Graduate Theological Union

Bridging Religions and Cultures through Art


A recent Sunday New York Times article hailed the Metropolitan Museum of Art’s November 1 opening of one of the most important collections of Islamic art outside the Middle East. More than half of the collection comes from Iran, and “promises to stand as a watershed moment in America’s awareness of the visual culture of the Islamic world, at a time when that world looms as large as ever on the international stage and in the American psyche,” says Randy Kennedy, the article’s author.

Kennedy also writes, “The new (collection) will … emphasize more strongly how the visual trademarks of Islamic art — geometric abstraction and calligraphy, as both language and decoration — have coexisted over the centuries with lively figuration…. It also holds the possibility at least of reshaping many Americans’ views about the deep affinities between Western and Islamic art.”

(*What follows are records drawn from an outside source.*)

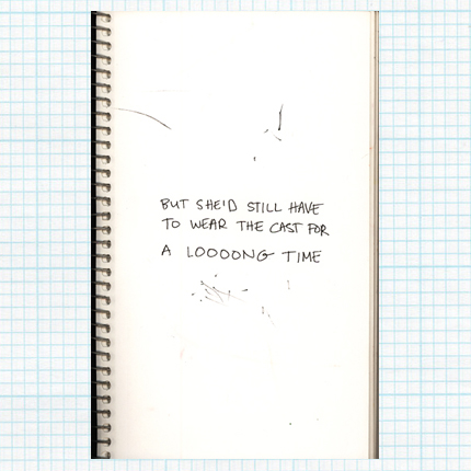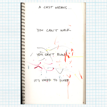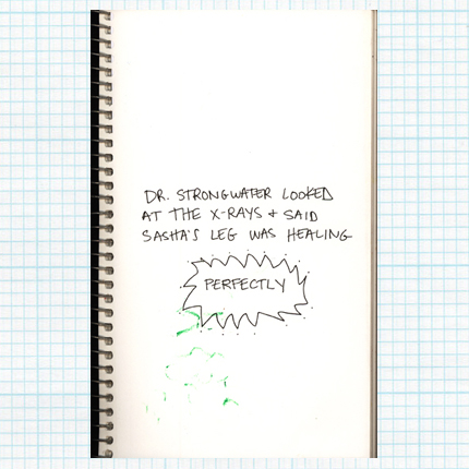 One more note: things have not improved on the sleep front. She has caught on to the “be right back” trick. Even having us in her room doesn’t always work. I really don’t think this has anything to do with my anxiety or guilt, as some LST readers have suggested. Honestly, I haven’t felt those things about her injury since the first few days. I just think she is intollerably uncomfortable having her leg all bound up (and it can’t help that she has ALL FOUR CANINES coming in right now either). We just have to get through this time however we can. Twelve days left, according to the calendar in her book.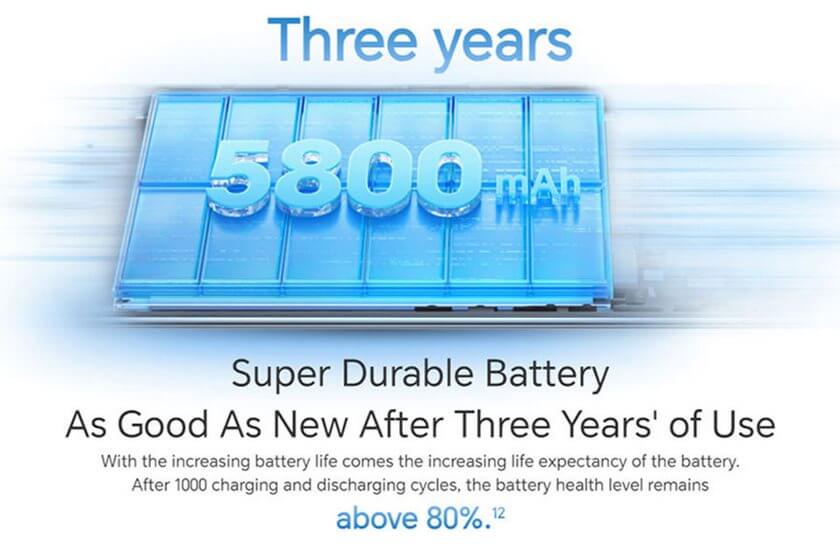 HONOR X9B 5G được trang bị viên pin dung lượng lớn 5.800 mAh, giúp máy có thời lượng sử dụng lâu dài. Với viên pin này, người dùng có thể thoải mái sử dụng điện thoại cả ngày dài mà không lo hết pin.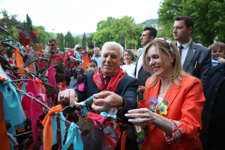 Etkinlik alanını eşi Seden Bozbey ile birlikte ziyaret eden Bursa Büyükşehir Belediye Başkanı Mustafa Bozbey, stantları tek tek gezerek vatandaşlarla sohbet etti. Günün anısına fidan diken Başkan Bozbey, kağıda yazdığı dileğini dilek ağacına kurdeleyle bağladı. Eşi Seden Bozbey ile birlikte ateşin üstünden de atlayan Başkan Bozbey, Hıdırellez coşkusunu doyasıya yaşadı. Kostüm yarışmasının kazananlarına ödüllerini veren Başkan Bozbey, Hıdırellez’in bu topraklarda yüzyıllardır kardeşçe yaşayanların ortak mirası olduğunu söyledi. Hıdırellez'i yaşatmanın geleceğe umutla bakmak demek olduğunu belirten Başkan Bozbey, "Bu güzel coğrafyanın ortak değerlerini hep birlikte koruyacağız. Tüm farklılıklarımızı yaşatarak güzel kentimizi hep birlikte yönetmeye ve büyütmeye devam edeceğiz. İnşallah tuttuğunuz dilekler gerçekleşir. Bizim en büyük dileğimiz, daha güçlü, daha mutlu, daha yeşil, daha yaşanabilir bir Bursa. Şenliği düzenlediğimiz Kültürpark da Bursa’nın merkezidir. Burada bir çoğumuzun hikayesi var. Kültürpark’ı eski işlevine kavuşturmak için etkinliklerimizi burada yapmaya başladık, yapmaya da devam edeceğiz" dedi.

Additionally, the New York City imam Abdallah Adhami says he hopes the new Met galleries will help bridge cultural differences between Americans and the Muslim world, and serve as a nucleus for American Muslims, whom he sees as unaware of the riches of their cultural past.

Montazeri with art

The galleries’ opening is auspicious timing for Fateme Montazeri, who is beginning her Ph.D. studies in Art and Religion with a focus on Islamic Art. Montazeri, who has an M.A. degree from University of Tehran and took classes last year in the GTU’s M.A. program in Islamic Studies, is fascinated by the beauty and the “hidden meanings” in Islamic art.

She points to Islamic miniatures — tiny paintings placed in books to illustrate the work of great poets, such as the Iranian poet Hafiz. “The idealistic method of painting, the abstraction, as well as the repetition of varied patterns are all hints to the Divine realm and the Unity of the One, the Tawhid in Islamic doctrines,” she says.

“…I had no idea how different, and at the same time how similar, we all are.”
Fateme Montazeri, Ph.D. Student

Montazeri, interested in art from a young age, and herself a calligrapher, came to the U.S. with her husband just over a year ago from Tehran, Iran. Both wanted to study art. When reviewing UC Berkeley’s catalog in art history, she came upon a link to the GTU. “Most interesting to me was the great range in class offerings, from opportunities to study different faith traditions, to religion and art. I thought the GTU was meant for me!

“There are so many things for me to learn, and at the same time I see misrepresentations of Islam and Islamic art within Western scholarship. I hope my studies here will be of mutual benefit; to be influenced and to influence.”

MontazeriMontazeri describes being “shocked” by the difference between her expectations of others’ attitudes toward Muslims here, and the reality. “People in Berkeley are relatively aware of the Islamic and Iranian culture, and are willing to learn about it. Many are attempting to learn about Islam and languages like Arabic and Persian.” She is also amazed that there are so many Muslims here, and so much diversity among them.

When not immersed in the art world, Montazeri teaches Persian language and Islamic studies at the Islamic Cultural Center of Northern California in Oakland, a center that (among other activities) hosts Muslim and interfaith art exhibitions. Her vision for her future? “I am open to see what will happen. Maybe I will be a researcher, maybe a teacher. The key is to have faith; I believe we’re not left alone nor are we here accidentally. I’m here to learn things and to do things needed at this step, and there will be guidance to my next steps.

“The most impressive opportunity for me now is to know others. This is necessary for all people to experience. I had no idea how different, and at the same time how similar, we all are.” Perhaps Montazeri’s studies in Islamic art, as with the opening of the new galleries at the Met, will help bring this profound realization to others.